In the records below, find the line containing "V10 motor iz" and the line containing "Truffle Collection Side". Give again exactly those lines and every line between them, omitting the pictures.

RECORDS SUPPLIED:
BEGIN
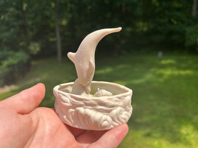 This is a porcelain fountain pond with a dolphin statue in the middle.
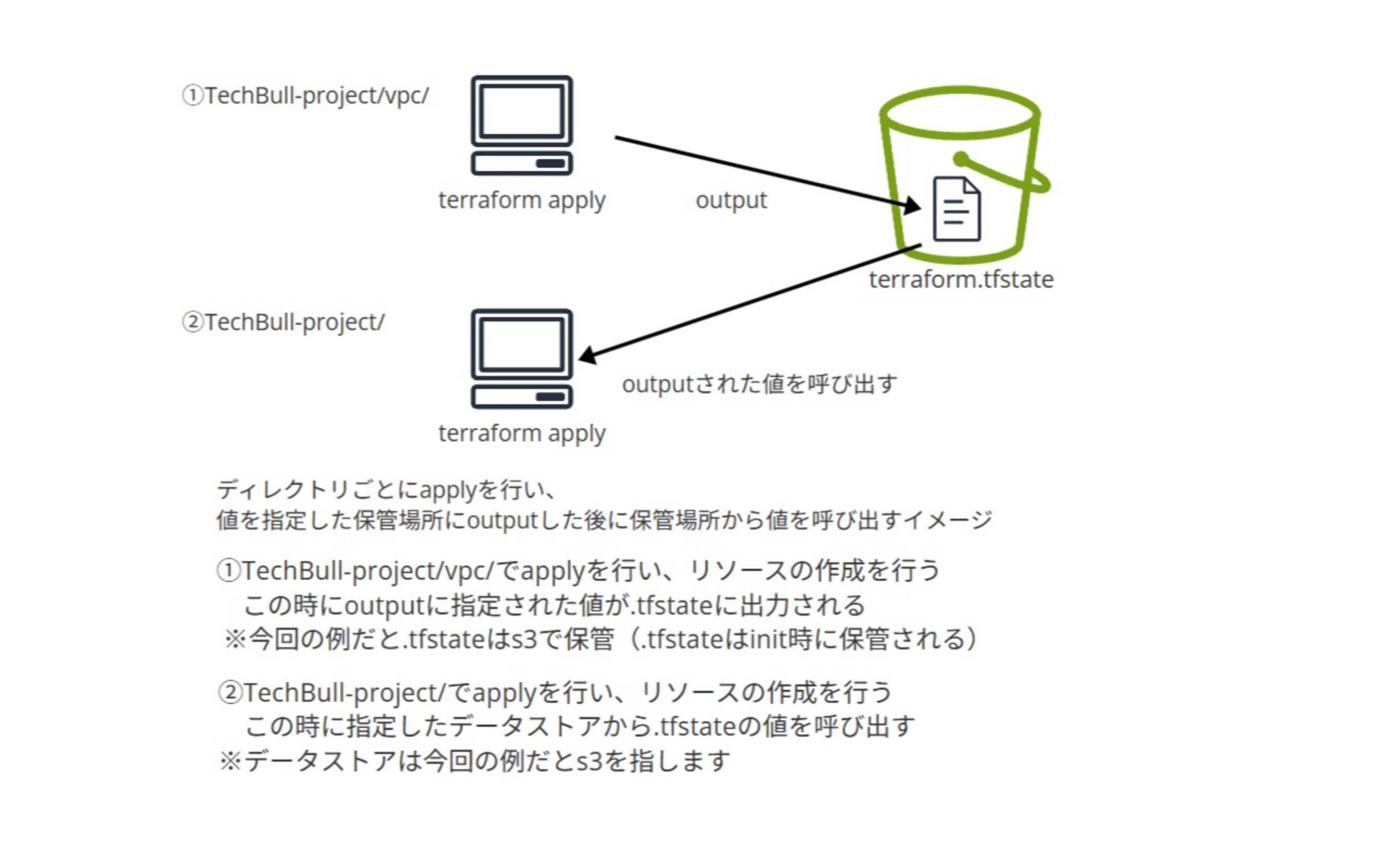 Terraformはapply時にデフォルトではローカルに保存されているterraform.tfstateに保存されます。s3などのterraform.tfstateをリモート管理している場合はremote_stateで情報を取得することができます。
END
BEGIN
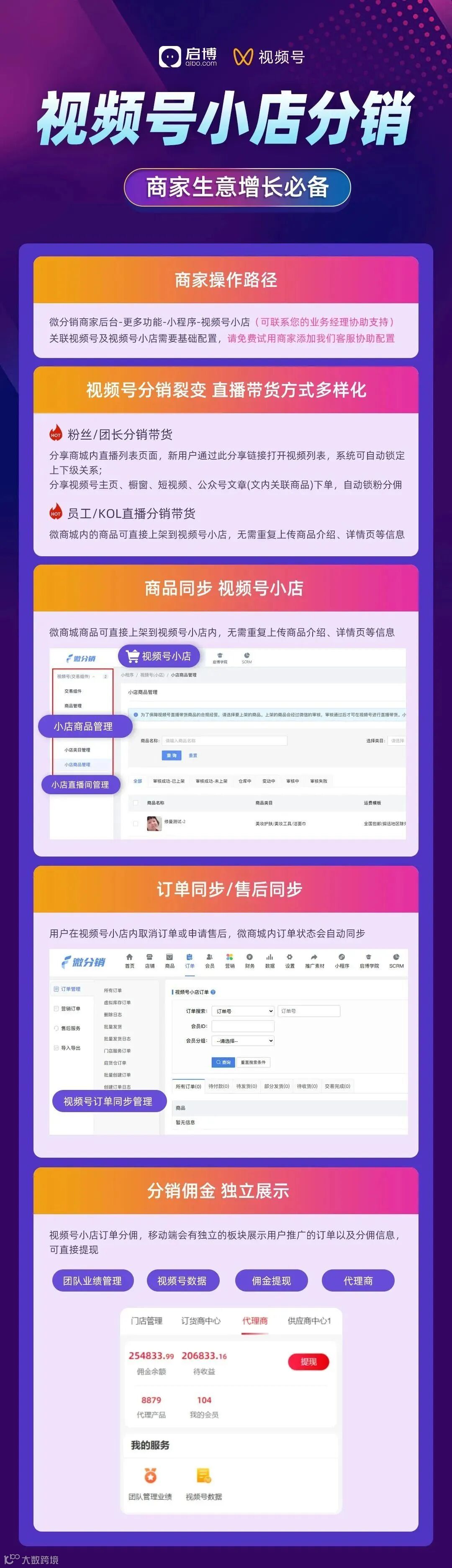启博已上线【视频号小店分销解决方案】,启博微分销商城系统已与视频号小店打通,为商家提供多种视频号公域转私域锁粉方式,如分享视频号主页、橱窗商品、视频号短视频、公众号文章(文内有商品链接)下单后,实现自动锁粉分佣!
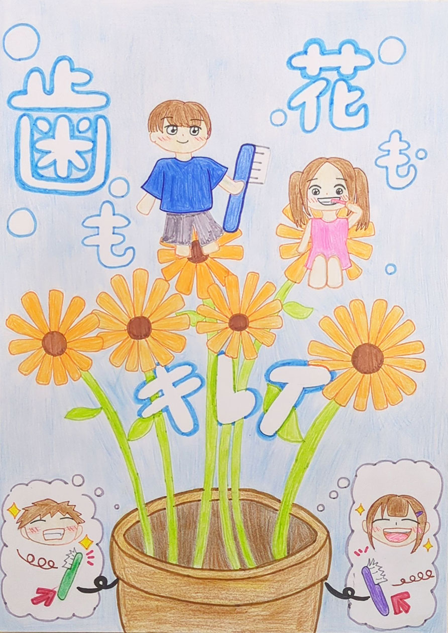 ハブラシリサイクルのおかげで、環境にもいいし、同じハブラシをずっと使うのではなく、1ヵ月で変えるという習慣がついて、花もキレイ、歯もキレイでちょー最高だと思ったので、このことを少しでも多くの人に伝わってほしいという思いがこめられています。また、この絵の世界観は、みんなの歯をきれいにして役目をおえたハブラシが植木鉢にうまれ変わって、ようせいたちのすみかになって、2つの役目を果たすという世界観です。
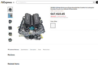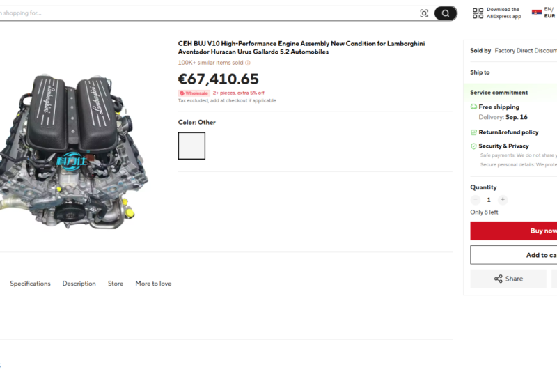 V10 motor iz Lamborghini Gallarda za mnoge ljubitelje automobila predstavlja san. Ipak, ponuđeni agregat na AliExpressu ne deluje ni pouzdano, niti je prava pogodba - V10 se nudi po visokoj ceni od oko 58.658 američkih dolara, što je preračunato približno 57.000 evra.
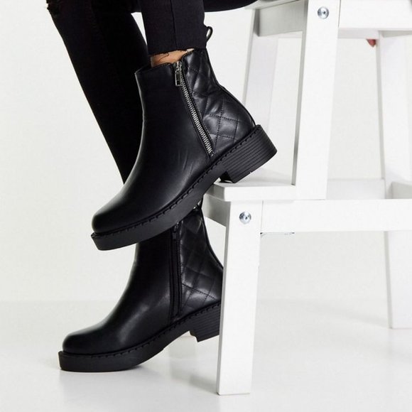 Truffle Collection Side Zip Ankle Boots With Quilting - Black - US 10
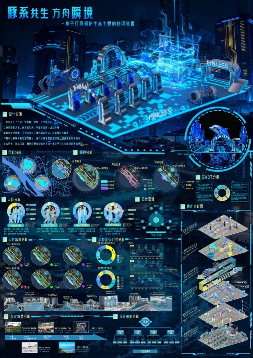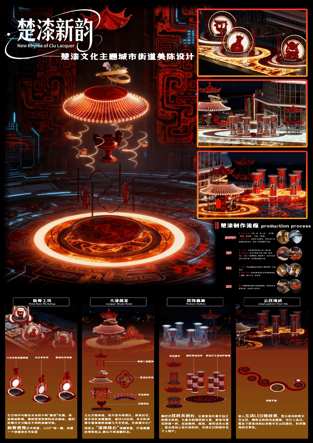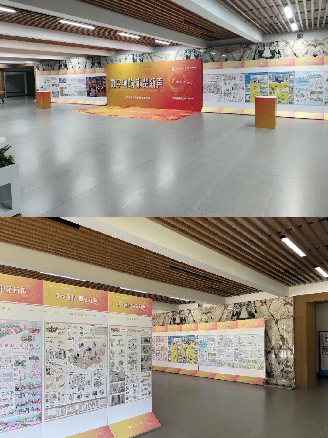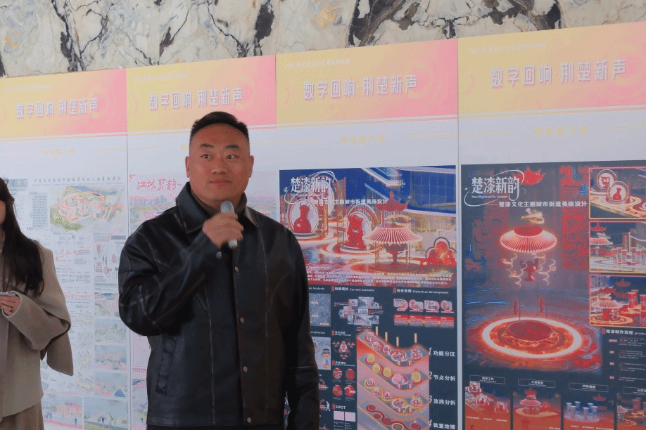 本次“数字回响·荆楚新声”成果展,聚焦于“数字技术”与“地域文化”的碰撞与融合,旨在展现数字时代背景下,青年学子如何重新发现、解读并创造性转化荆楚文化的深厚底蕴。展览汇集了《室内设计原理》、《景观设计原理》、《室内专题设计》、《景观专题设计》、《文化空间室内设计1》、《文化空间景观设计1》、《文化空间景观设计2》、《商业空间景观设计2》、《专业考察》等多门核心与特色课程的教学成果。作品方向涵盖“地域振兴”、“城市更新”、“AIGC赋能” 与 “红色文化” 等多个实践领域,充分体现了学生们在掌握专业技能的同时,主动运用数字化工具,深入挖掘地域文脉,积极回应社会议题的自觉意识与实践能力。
END
OUTPUT BELOW:
 V10 motor iz Lamborghini Gallarda za mnoge ljubitelje automobila predstavlja san. Ipak, ponuđeni agregat na AliExpressu ne deluje ni pouzdano, niti je prava pogodba - V10 se nudi po visokoj ceni od oko 58.658 američkih dolara, što je preračunato približno 57.000 evra.
 Truffle Collection Side Zip Ankle Boots With Quilting - Black - US 10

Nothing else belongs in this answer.